■ **Task to complete**
Only the lines from the one containing "A wedding march" through the end of the data are wanted, reproduced exactly and without pictures.

..........

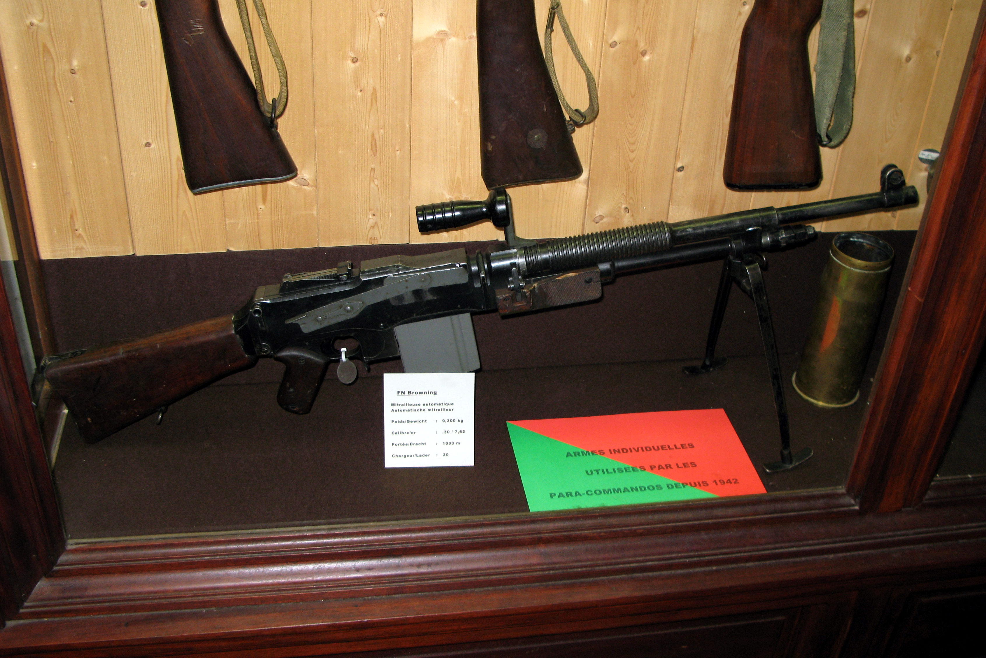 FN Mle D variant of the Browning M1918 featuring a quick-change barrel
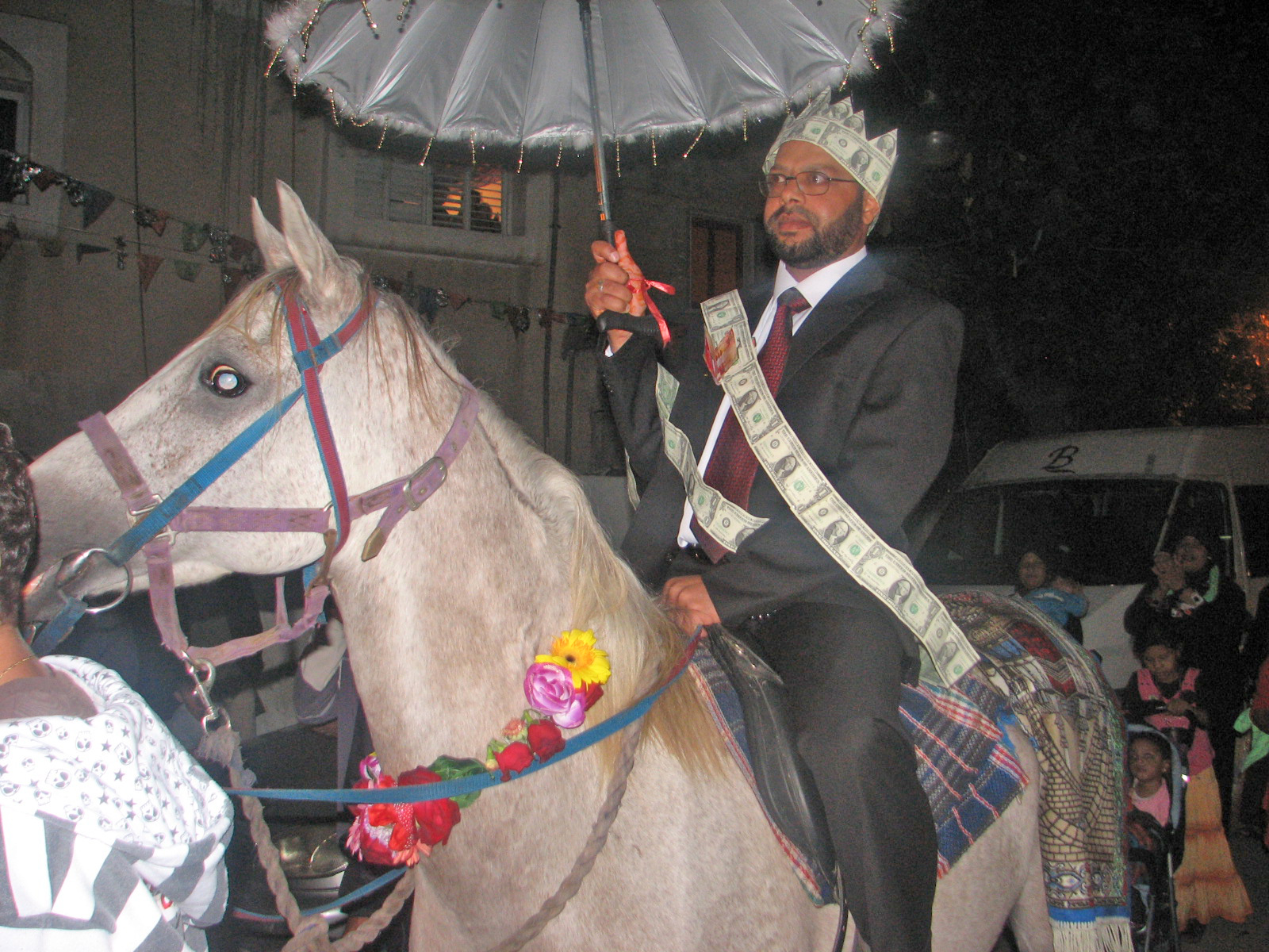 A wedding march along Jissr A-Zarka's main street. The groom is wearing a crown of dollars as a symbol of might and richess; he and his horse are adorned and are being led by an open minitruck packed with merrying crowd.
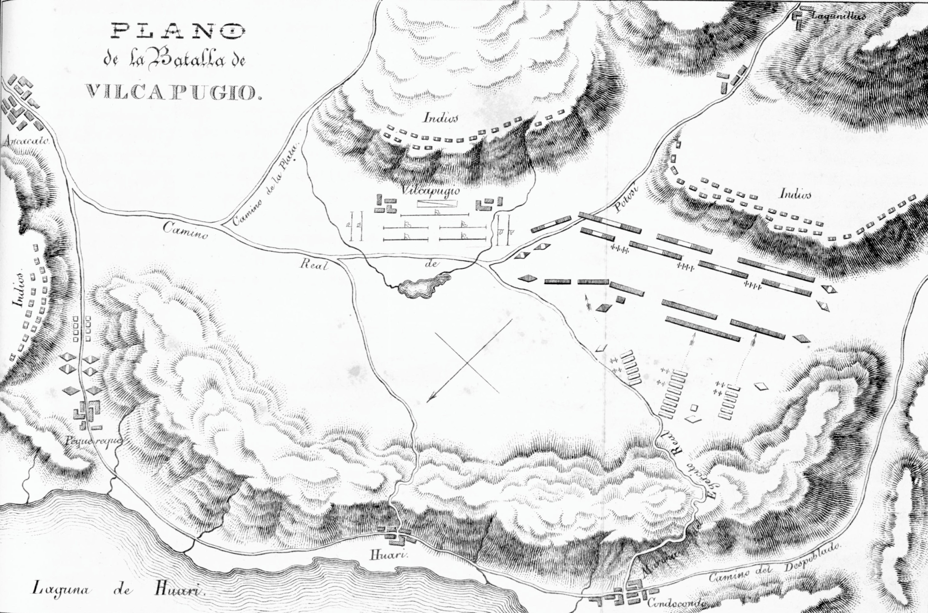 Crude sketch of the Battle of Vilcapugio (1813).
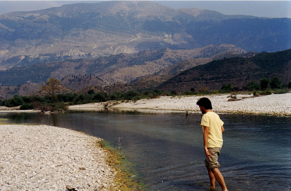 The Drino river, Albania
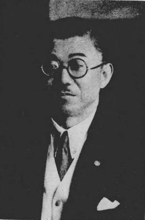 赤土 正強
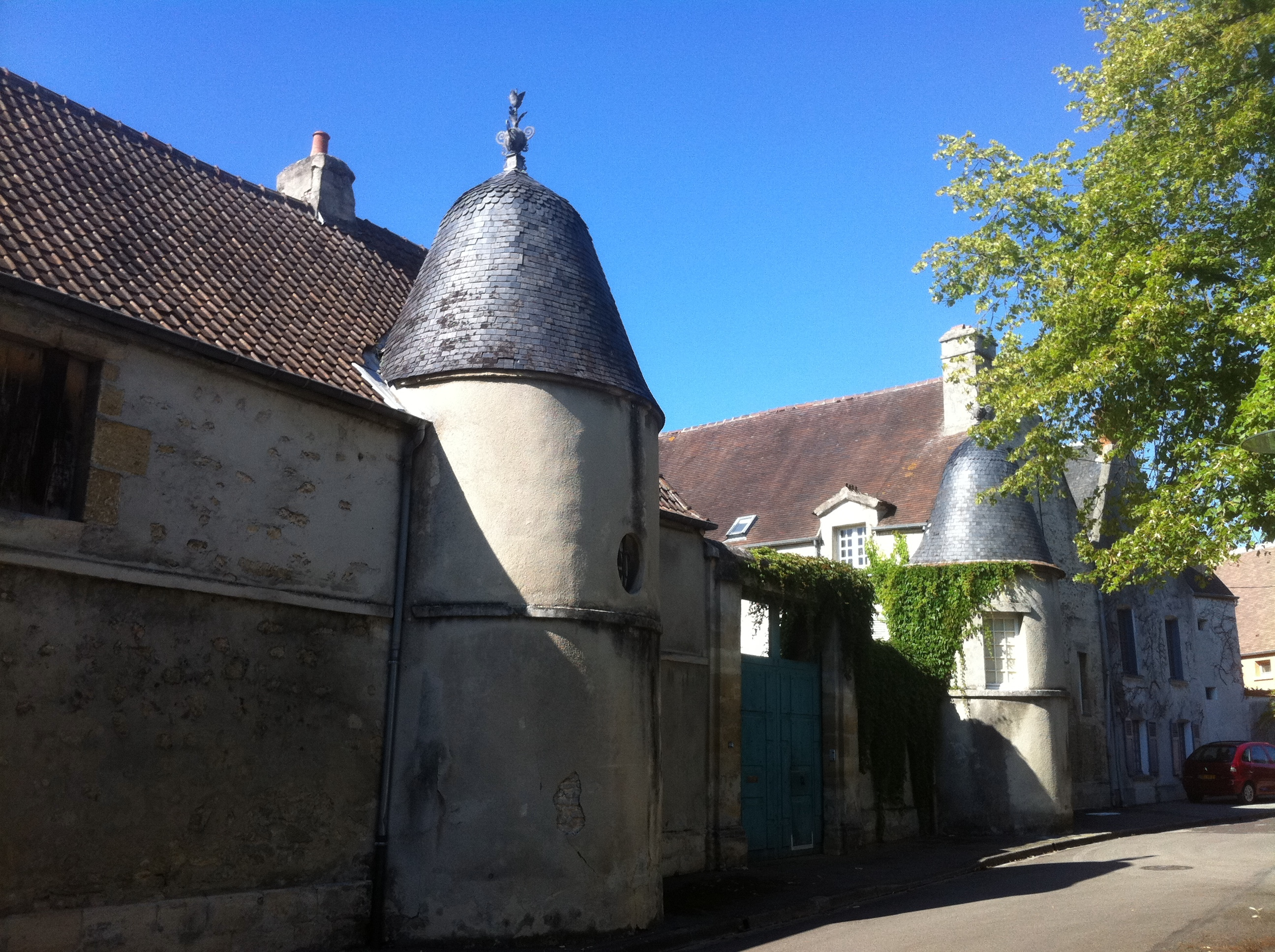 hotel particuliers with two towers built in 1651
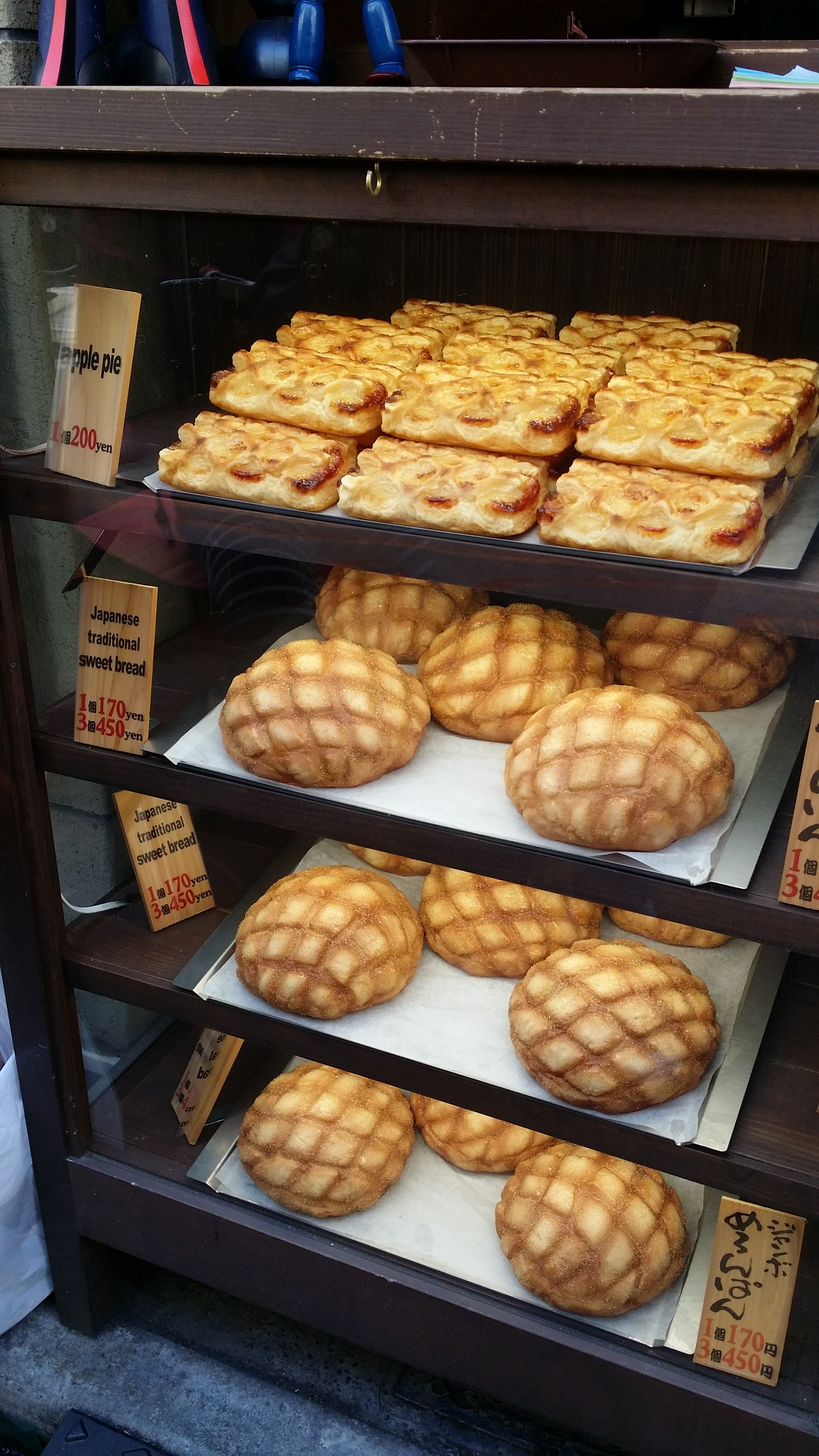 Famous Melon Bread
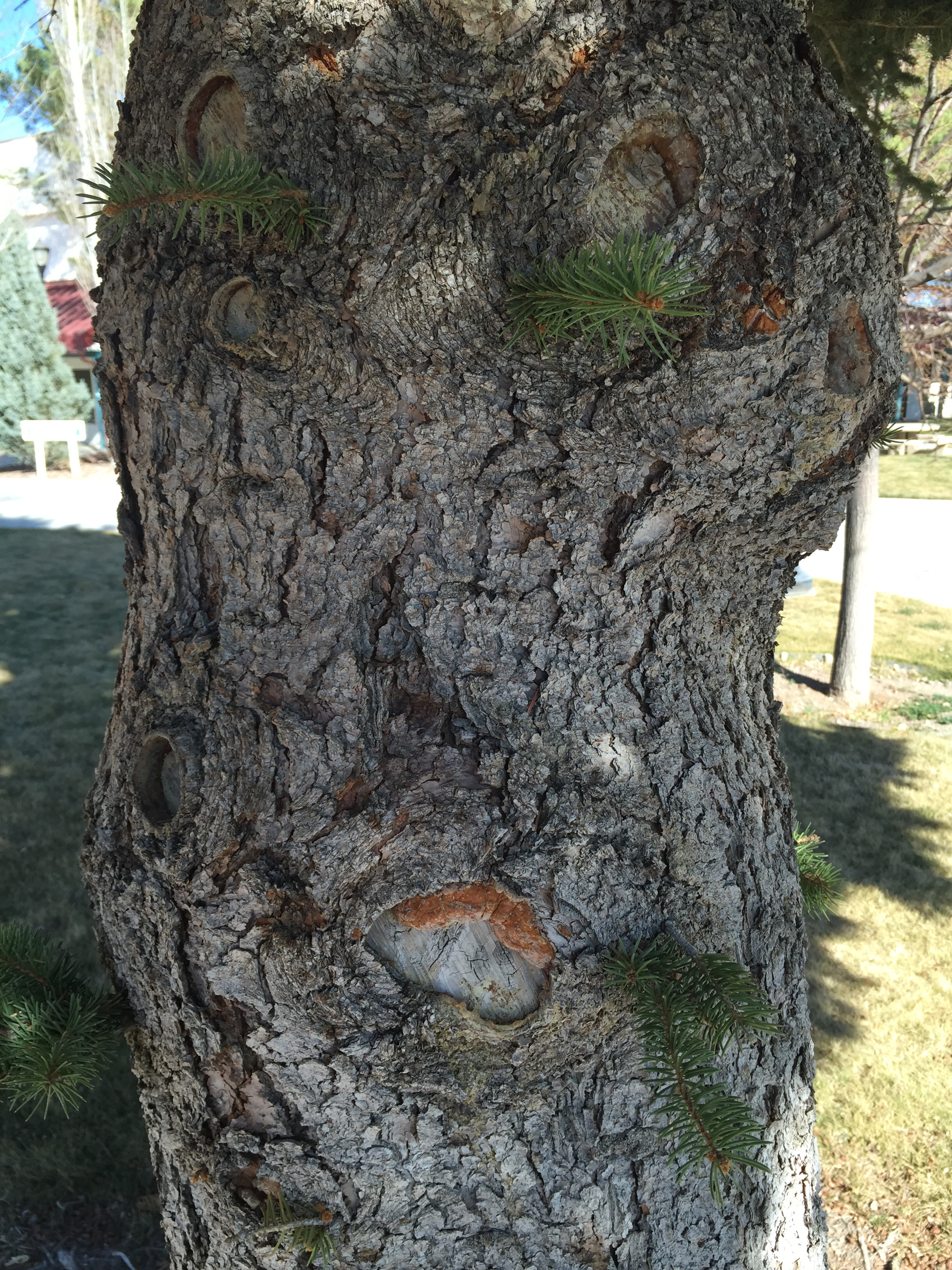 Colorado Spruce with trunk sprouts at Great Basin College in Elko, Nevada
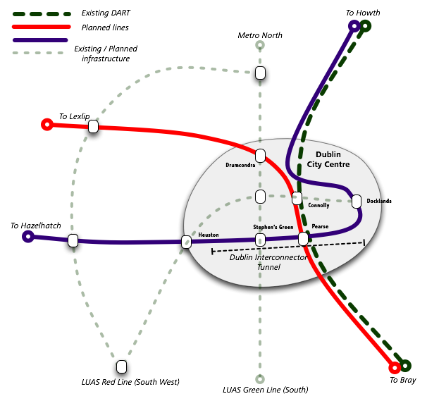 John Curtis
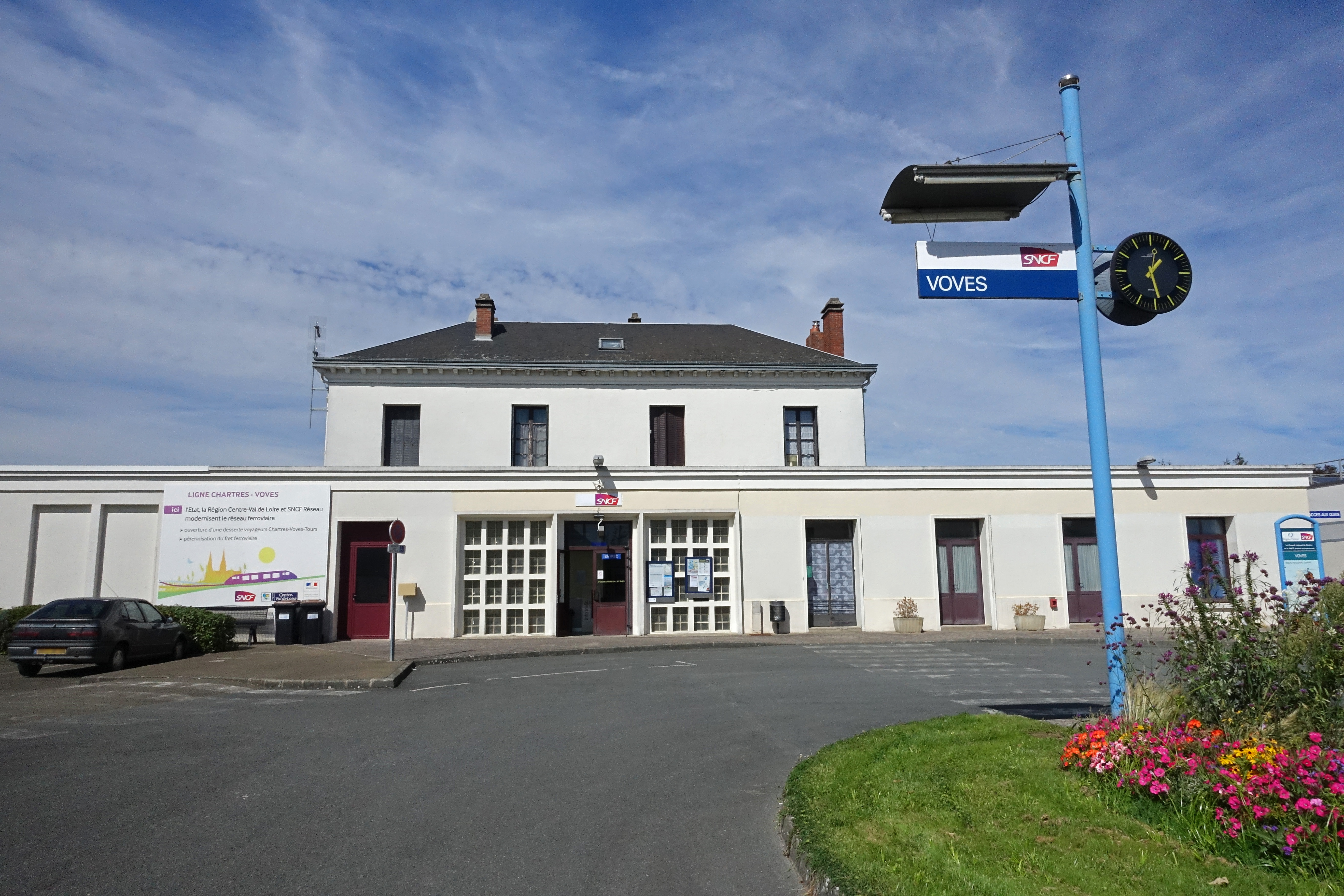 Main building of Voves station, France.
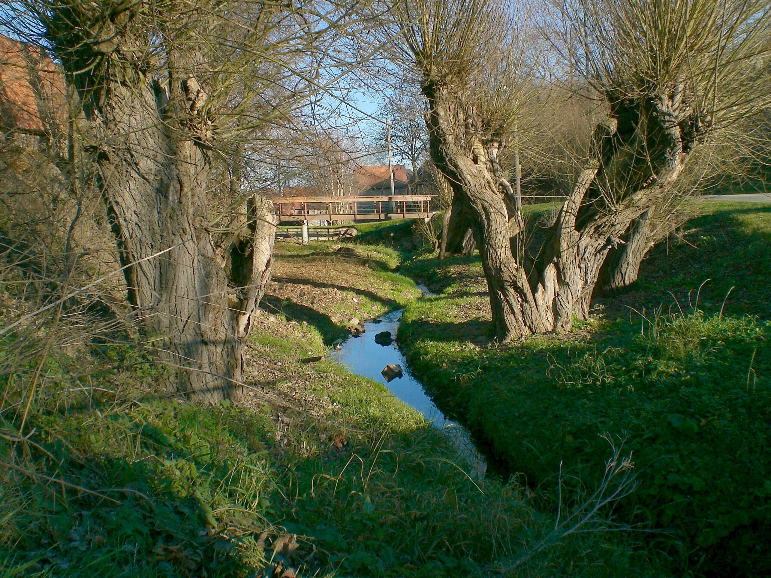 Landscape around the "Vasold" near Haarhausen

..........

■ **Problem solution**
 A wedding march along Jissr A-Zarka's main street. The groom is wearing a crown of dollars as a symbol of might and richess; he and his horse are adorned and are being led by an open minitruck packed with merrying crowd.
 Crude sketch of the Battle of Vilcapugio (1813).
 The Drino river, Albania
 赤土 正強
 hotel particuliers with two towers built in 1651
 Famous Melon Bread
 Colorado Spruce with trunk sprouts at Great Basin College in Elko, Nevada
 John Curtis
 Main building of Voves station, France.
 Landscape around the "Vasold" near Haarhausen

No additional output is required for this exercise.